Adieu Godard (stylized as adieu GODARD) is a 2021 Odia language independent feature film written and directed by Amartya Bhattacharyya. The film world premiered at the 43rd Moscow International Film Festival 2021. In India, the film got officially selected at festivals like IFFK (Kerala), KIFF (Kolkata), Bengaluru (BIFFES), Pune (PIFF) etc. Adieu Godard also won Best Film Award in the Indian Languages competition at the 27th Kolkata International Film Festival 2022 and the 'Third Best Indian Cinema Award' at the 13th Bengaluru International Film Festival 2022.

The film is produced under the banner of Odisha based production company Swastik Arthouse, in association with Kolkata based FilmStop Entertainment and the French company Les Films de la Haute-Vallée.

Release 
Adieu Godard released in theaters of India on September 2, 2022. The film was released in India by Platoon distribution, while renowned star of Odia cinema, Anu Choudhury, presented it. The film ran in theaters for four weeks in Odisha, and apart from Bhubaneswar, Cuttack, Rourkela, the film was also released in Kolkata, New Delhi and Bangalore with a special show at Jaipur and Mumbai. While the film was running in theaters in India, Jean-Luc Godard committed assisted suicide on September 13, 2022. 

The film was greeted with a lot of enthusiasm from notable film personalities like Anurag Kashyup and Taran Adarsh. Apart from India, the film was also digitally released in the US and Canada through the US based distributor - Film Movement.

Cast 

 Choudhury Bikash Das as Ananda
 Sudharsri Madhusmita as Shilpa
 Dipanwit Dashmohapatra  as Joe
 Swastik Choudhury as Jatin
 Choudhury Jayaprakash Das as Harideb
 Shankar Basu Mallick as Jaga
 Abhishek Giri as Pablo
 Dr.

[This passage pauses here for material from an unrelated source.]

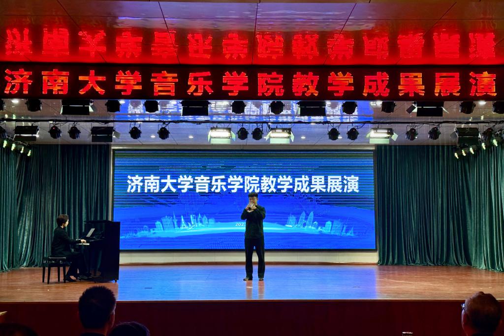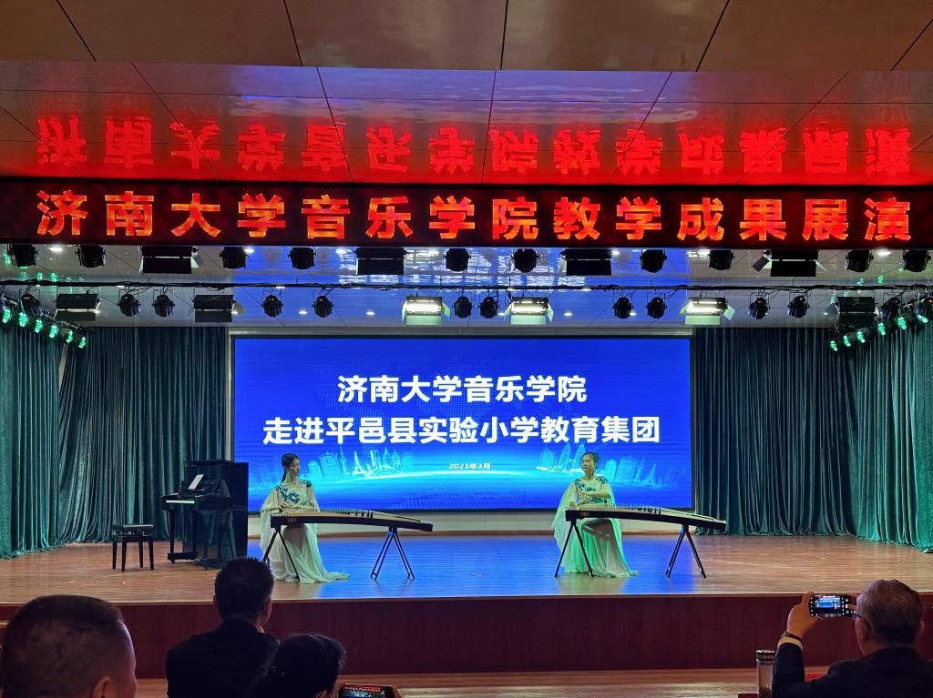 师生在平邑县实验小学进行了教学成果展演。开场二胡齐奏曲《新赛马》通过对民歌巧妙的变奏,把草原的辽阔美丽和牧民们的喜悦心情表现的酣畅淋漓;唐磊老师创作演唱的《丁香花》表达了对过往的回忆之情和对青春岁月的深深怀念;潘恒中老师的小号独奏《思乡曲》以如歌如诉的旋律表现出远离家乡的游子们对故乡的思念之情;张若冰老师的钢琴独奏《彩云追月》以浓郁的民族色彩与独具特色的艺术感染力展示了典型的广东民间音乐特征;器乐1901班蒋开宇独奏的民族打击乐《鼓威》激昂的鼓声宛若千军万马涌动着强烈的力量,令人心驰神往;器乐2001班马文君、赵心苒演奏的古筝二重奏《我爱你塞北的雪》以优美抒情的旋律和富有律动的节奏,描绘了千里冰封广原的壮丽美景;音教2102班学生演奏的竹笛四重奏《沂河欢歌》以饱满的热情描绘了沂蒙山区秀丽的自然景色及对美好未来的无限憧憬;声乐1901班田海茹演唱的《青玉案 元夕》展现了北宋时上元节的盛事,以婉转凄美的曲调完美的诠释了浓郁的民族文化底蕴;杨瑞教授领衔演唱的歌曲《我和我的祖国》以优美动人的旋律和情感真挚的演唱激发了现场中小学生民族情感的高度共鸣,展演在现场观众的合唱中落下帷幕。琴声悠扬、歌声嘹亮,高水准的演出集中展示了91视频

Banikanta Mishra as Dr.Tripathy
 Swetapadma Satpathy as Ananda's Wife
 Sumit Panda as Tutu
 Sandip Bal as Angry Villager
 Sridhar Martha as DVD Seller

Critical reception 
The film was screened at various film festivals in India and abroad. Adieu Godard featured in the list of top 10 films to look out for at the Moscow Film Festival.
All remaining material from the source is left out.